Input Embeddings + Positional Encoding
    ┌───────────────────┐
    │   Multi-Head      │
    │   Self-Attention  │◄─── Causal Mask
    └───────────────────┘
      Layer Norm + Residual
    ┌───────────────────┐
    │   Feed-Forward    │
    │   Network (FFN)   │
    └───────────────────┘
      Layer Norm + Residual
        Output

We'll implement each component, culminating in a complete attention layer.

Component 1: Scaled Dot-Product Attention

The core attention mechanism:

import numpy as np

def scaled_dot_product_attention(Q, K, V, mask=None):
    """
    Scaled dot-product attention.

    Args:
        Q: Queries [..., seq_len, d_k]
        K: Keys [..., seq_len, d_k]
        V: Values [..., seq_len, d_v]
        mask: Optional mask [..., seq_len, seq_len]
              0 for allowed, -inf for masked

    Returns:
        output: Attention output [..., seq_len, d_v]
        weights: Attention weights [..., seq_len, seq_len]
    """
    d_k = Q.shape[-1]

    # Compute attention scores
    # Q: [..., n, d_k], K.T: [..., d_k, n] -> [..., n, n]
    scores = Q @ np.swapaxes(K, -2, -1) / np.sqrt(d_k)

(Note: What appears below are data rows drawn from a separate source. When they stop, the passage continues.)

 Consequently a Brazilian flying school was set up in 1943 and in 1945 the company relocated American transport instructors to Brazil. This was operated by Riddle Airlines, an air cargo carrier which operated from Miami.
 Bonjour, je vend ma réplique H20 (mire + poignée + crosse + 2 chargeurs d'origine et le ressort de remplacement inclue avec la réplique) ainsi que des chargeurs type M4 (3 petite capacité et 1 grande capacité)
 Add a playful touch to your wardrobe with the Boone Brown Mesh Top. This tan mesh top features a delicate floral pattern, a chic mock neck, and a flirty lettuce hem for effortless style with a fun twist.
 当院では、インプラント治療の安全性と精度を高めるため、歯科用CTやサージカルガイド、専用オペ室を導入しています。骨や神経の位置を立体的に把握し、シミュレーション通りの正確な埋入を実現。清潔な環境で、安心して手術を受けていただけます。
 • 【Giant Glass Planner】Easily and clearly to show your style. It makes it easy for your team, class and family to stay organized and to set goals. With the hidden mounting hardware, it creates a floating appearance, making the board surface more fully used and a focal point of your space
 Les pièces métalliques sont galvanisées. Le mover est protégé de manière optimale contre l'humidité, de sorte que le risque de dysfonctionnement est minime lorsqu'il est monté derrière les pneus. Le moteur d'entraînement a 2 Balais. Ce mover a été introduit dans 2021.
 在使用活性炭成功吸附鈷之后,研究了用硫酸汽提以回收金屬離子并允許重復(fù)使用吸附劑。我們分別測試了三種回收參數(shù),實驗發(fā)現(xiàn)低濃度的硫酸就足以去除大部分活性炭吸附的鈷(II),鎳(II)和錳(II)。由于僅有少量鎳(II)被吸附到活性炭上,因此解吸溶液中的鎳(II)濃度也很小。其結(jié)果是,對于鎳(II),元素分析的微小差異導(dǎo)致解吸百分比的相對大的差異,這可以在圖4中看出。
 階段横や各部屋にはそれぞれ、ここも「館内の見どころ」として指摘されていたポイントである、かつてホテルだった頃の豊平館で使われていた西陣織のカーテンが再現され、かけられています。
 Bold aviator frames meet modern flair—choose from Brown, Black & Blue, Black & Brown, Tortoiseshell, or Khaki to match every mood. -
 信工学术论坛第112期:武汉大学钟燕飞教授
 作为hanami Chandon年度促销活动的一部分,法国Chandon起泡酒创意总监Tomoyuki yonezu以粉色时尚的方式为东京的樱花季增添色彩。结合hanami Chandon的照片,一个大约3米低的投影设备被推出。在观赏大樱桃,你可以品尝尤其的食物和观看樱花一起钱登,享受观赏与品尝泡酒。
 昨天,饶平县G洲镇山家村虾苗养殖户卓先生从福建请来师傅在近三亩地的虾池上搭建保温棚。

    # Apply mask if provided
    if mask is not None:
        scores = scores + mask

    # Softmax over keys (last dimension)
    weights = softmax(scores, axis=-1)

    # Weighted sum of values
    output = weights @ V

    return output, weights


def softmax(x, axis=-1):
    """Numerically stable softmax."""
    # Handle -inf from masking
    x_max = np.max(np.where(np.isinf(x), -1e9, x), axis=axis, keepdims=True)
    exp_x = np.exp(x - x_max)
    exp_x = np.where(np.isinf(x), 0, exp_x)
    return exp_x / (np.sum(exp_x, axis=axis, keepdims=True) + 1e-10)

Component 2: Causal Mask

def create_causal_mask(seq_len):
    """
    Create causal (autoregressive) attention mask.

    Returns:
        mask: [seq_len, seq_len] with 0 for allowed, -inf for masked
    """
    # Upper triangular with -inf (positions that should be masked)
    mask = np.triu(np.ones((seq_len, seq_len)), k=1) * float('-inf')
    return mask

Component 3: Multi-Head Attention

class MultiHeadAttention:
    """
    Multi-head attention mechanism.

    Splits input into multiple heads, applies attention independently,
    then concatenates and projects.
    """

    def __init__(self, d_model, n_heads, dropout=0.0):
        """
        Initialize multi-head attention.

        Args:
            d_model: Model dimension
            n_heads: Number of attention heads
            dropout: Dropout probability (for training)
        """
        assert d_model % n_heads == 0, "d_model must be divisible by n_heads"

        self.d_model = d_model
        self.n_heads = n_heads
        self.d_k = d_model // n_heads
        self.dropout = dropout

        # Initialize projection matrices with Xavier/Glorot initialization
        scale = np.sqrt(2.0 / (d_model + self.d_k))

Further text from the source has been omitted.